USAID is collaborating with the Ministry of General Education (MGE) to develop, print, and distribute literacy textbooks in English and seven local languages to schools, including teaching and learning materials for children with special needs, building the capacity of teachers, administrators and officials, strengthening the MGE’s systems, improving the learner as school performance of both community and public schools, expanding equitable opportunities for boys and girls, and strengthening school level assessments. 

PROMOTING INNOVATION

Primary school enrollment in Africa has grown at an unprecedented rate over the last two decades, flooding schools with first-generation learners, and creating classrooms with deeply heterogeneous learning levels.  Compounding this, Ministries often pressure teachers to complete dense curricula and prepare students for high-stake exams, leading teachers to teach to the top of the class. USAID/Zambia, in collaboration with the USAID Global Development Lab’s Development Innovation Ventures and J-PAL, is supporting the Ministry of General Education in the implementation of the Teaching at the Right Level approach (TaRL) in target schools across the nation.

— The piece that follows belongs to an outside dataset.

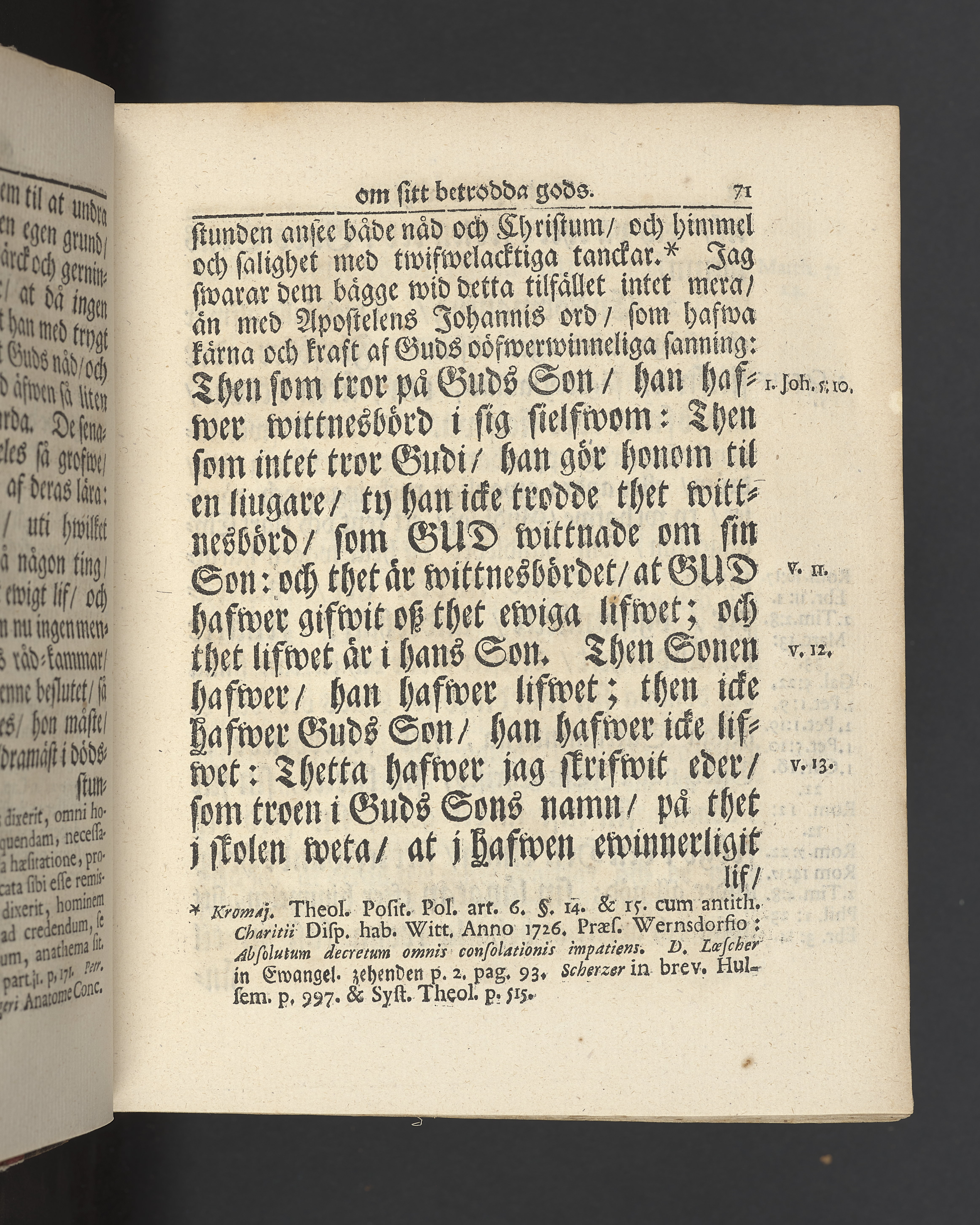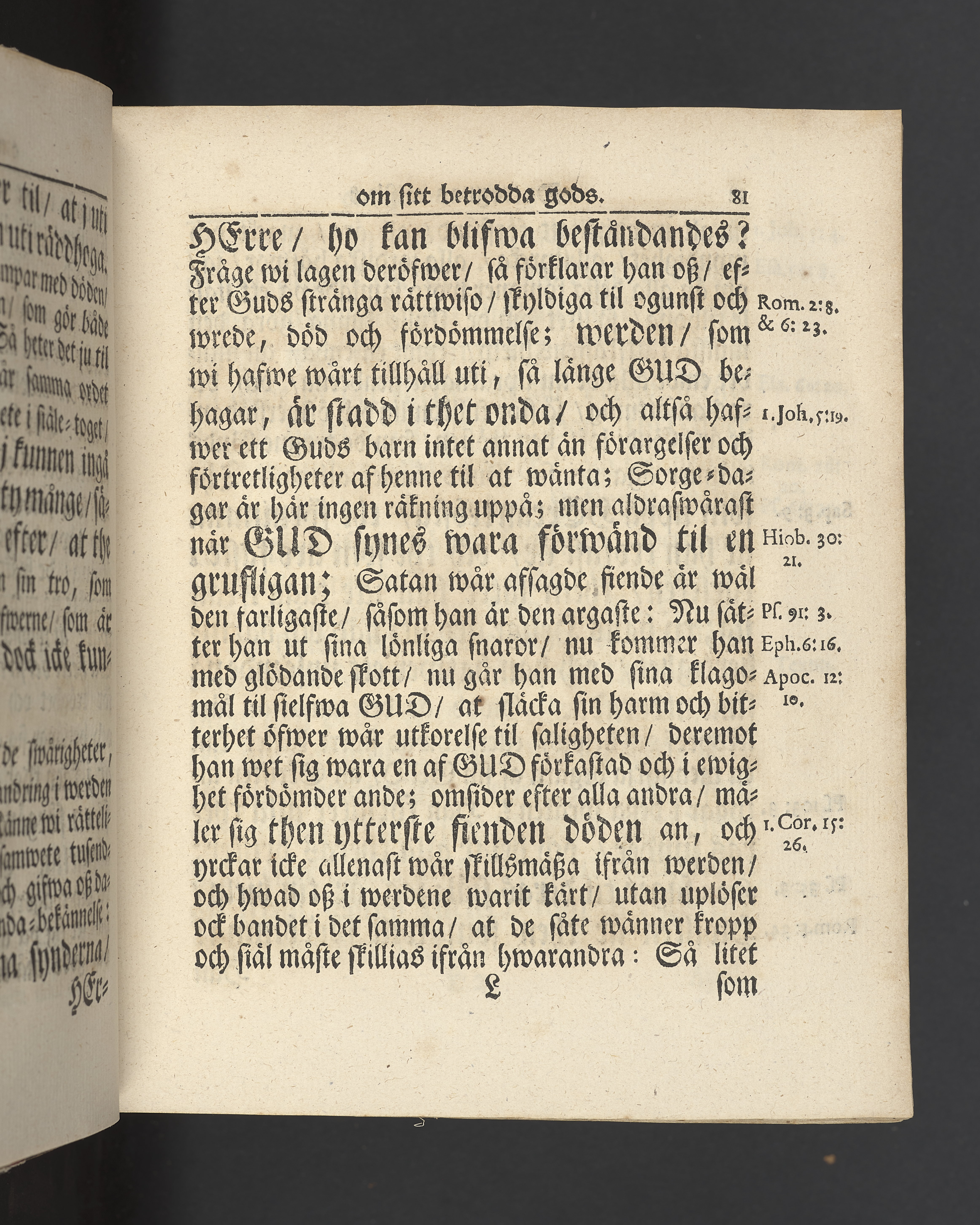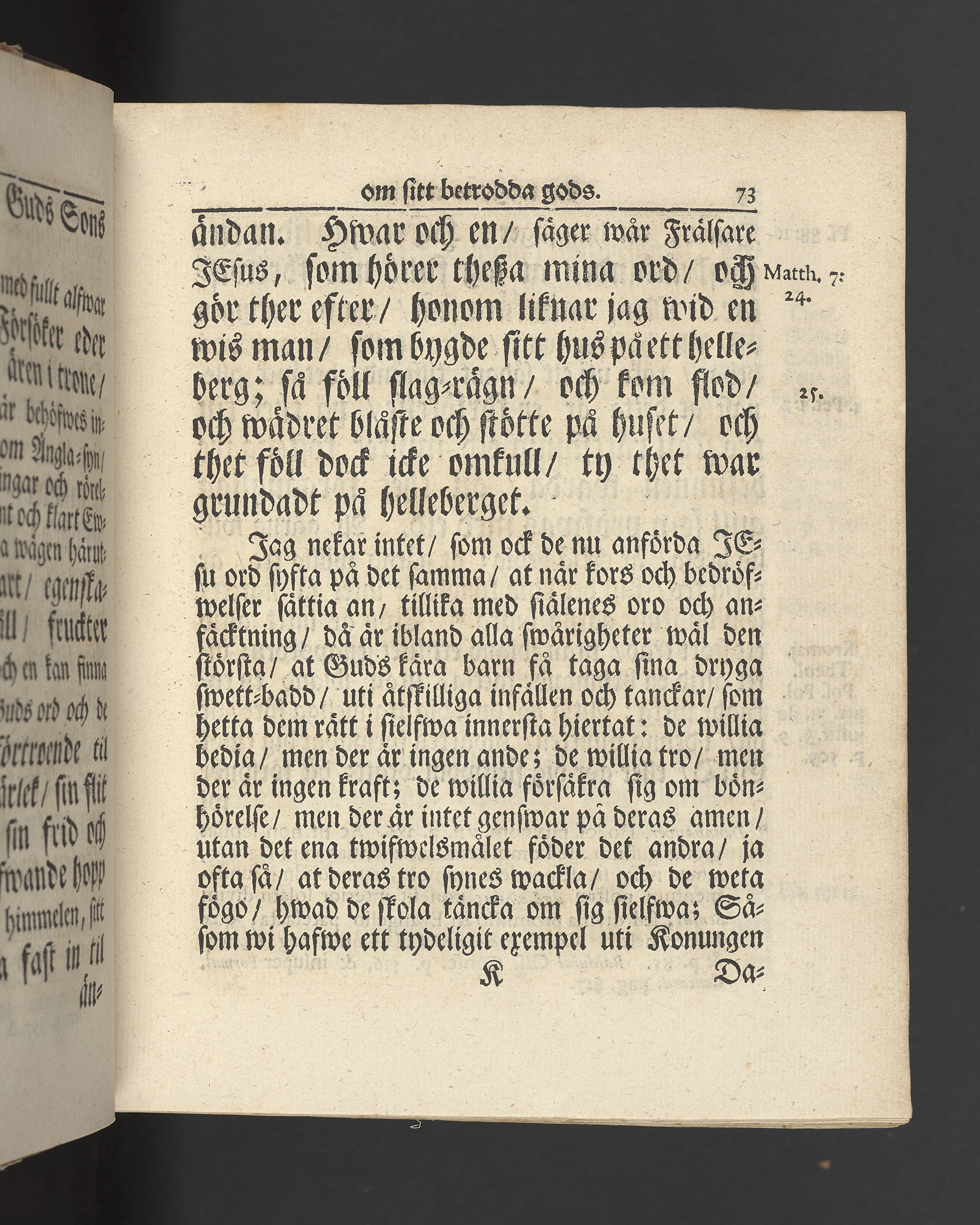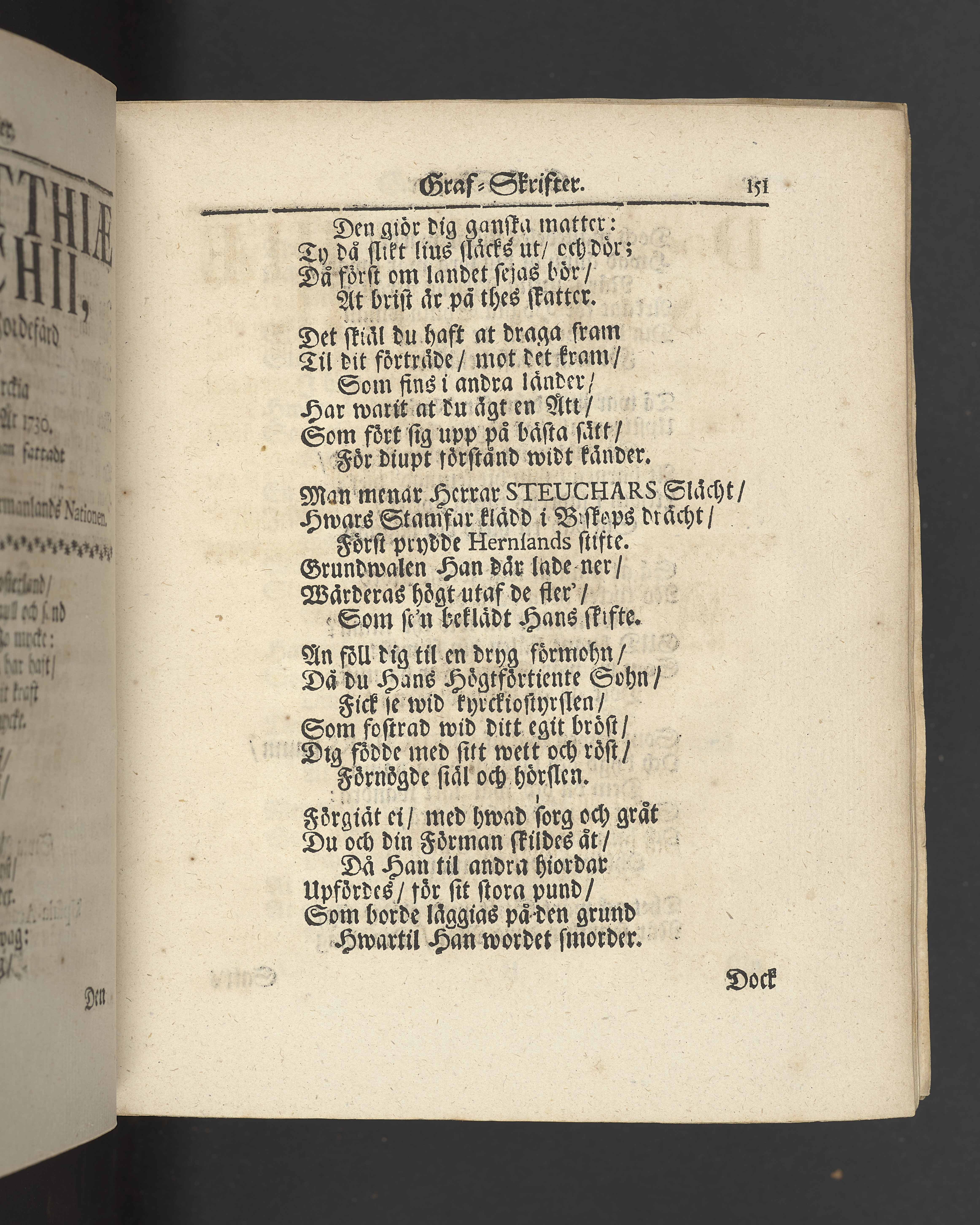 De trognas wiszhet om sitt betrodda gods, eller, deras försäkran om sin ewiga salighet: utaf Guds ord enfaldigt förestäld, då hans kongl. maj:ts tro mann, Swerjes rikes archi-biskop ... Matthias Steuchius, efter en christelig minnes wärd wandel, och deruppå, uti ganska hög och ansenlig ålder, wunnit saligt slut, befordrades, med anständig heder, til sin hwilo-kamar, i Upsala dom-kyrkio, år 1730, den 17. septembris. Af Jöran A. Nordberg ... Stockholm, tryckt hos Joh. Laur. Horrn, kongl. antiqvit. arch. boktr.
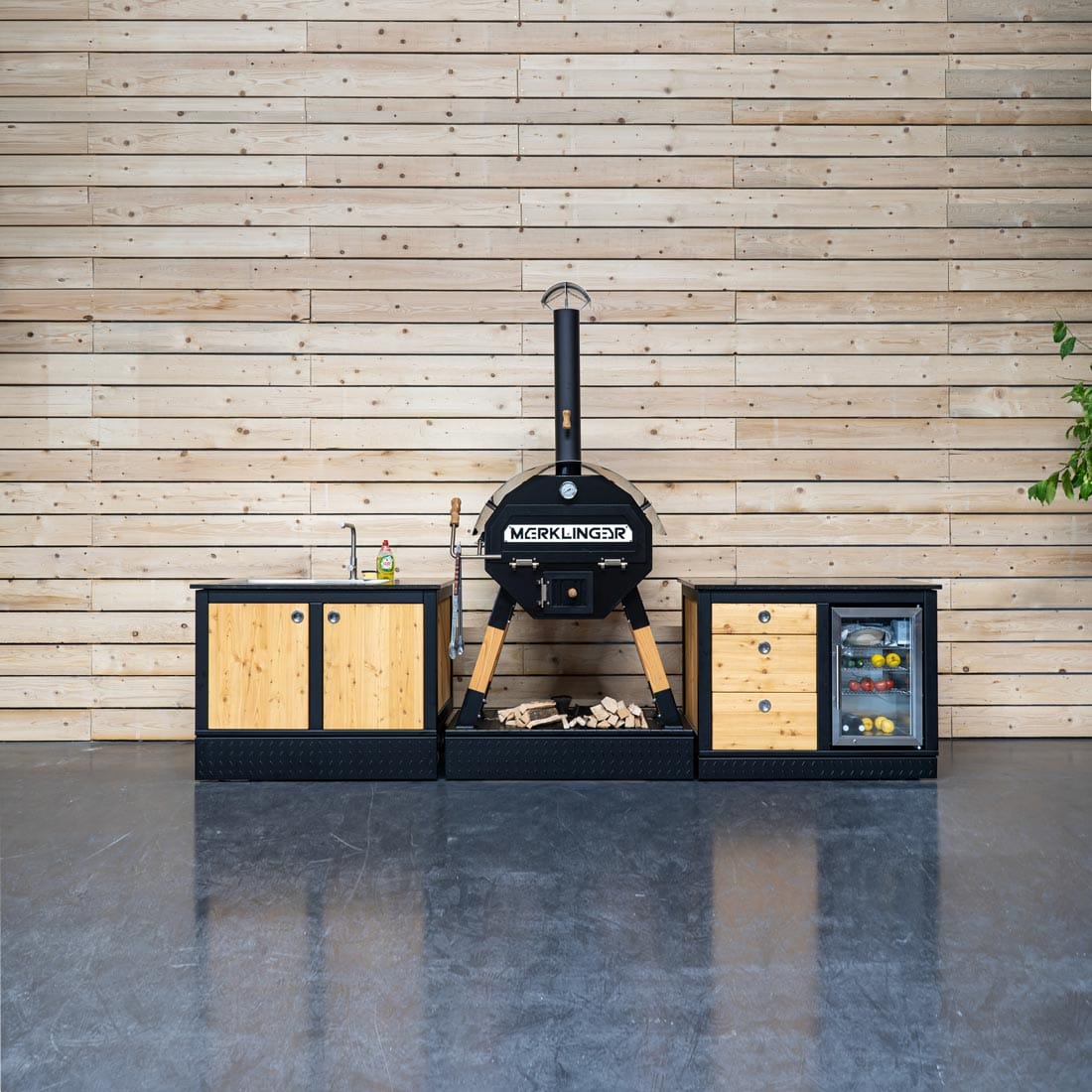 Die Merklinger Outdoorküche „Chefkoch“. Bestens ausgestattet bist du mit dem Merklinger 800 und zwei Outdoor Modulen mit Granitoberfläche und integriertem Edelstahl Spülbecken sowie Kühlschrank. Das Kühlen deiner Getränke, Teige und Speisen direkt neben deinem Merklinger, sowie Gemüse waschen oder einfach nur abspülen war noch nie so einfach. Der hochwertige Outdoor Kühlschrank besitzt eine LED Beleuchtung, 63 Liter Lagervolumen, 3 herausnehmbare Einlegeböden und 3-lagiges Isolier-Sicherheitsglas mit UV-Filter. 0% Finanzierung möglich!

The TaRL program has been proven effective in multiple country contexts, and deeply cost-effective in comparison to other approaches to improve schooling outcomes. With DIV Stage 3 support, J-PAL Africa and UNICEF/Zambia are partnering with the Zambian Ministry of General Education in a nationwide rollout of TaRL supported by government teachers across all government and community schools, with the aim of providing a demonstration effect for other countries in the region to adopt this evidence-based approach to boosting learning outcomes. USAID will adapt TaRL into future grade reading activities.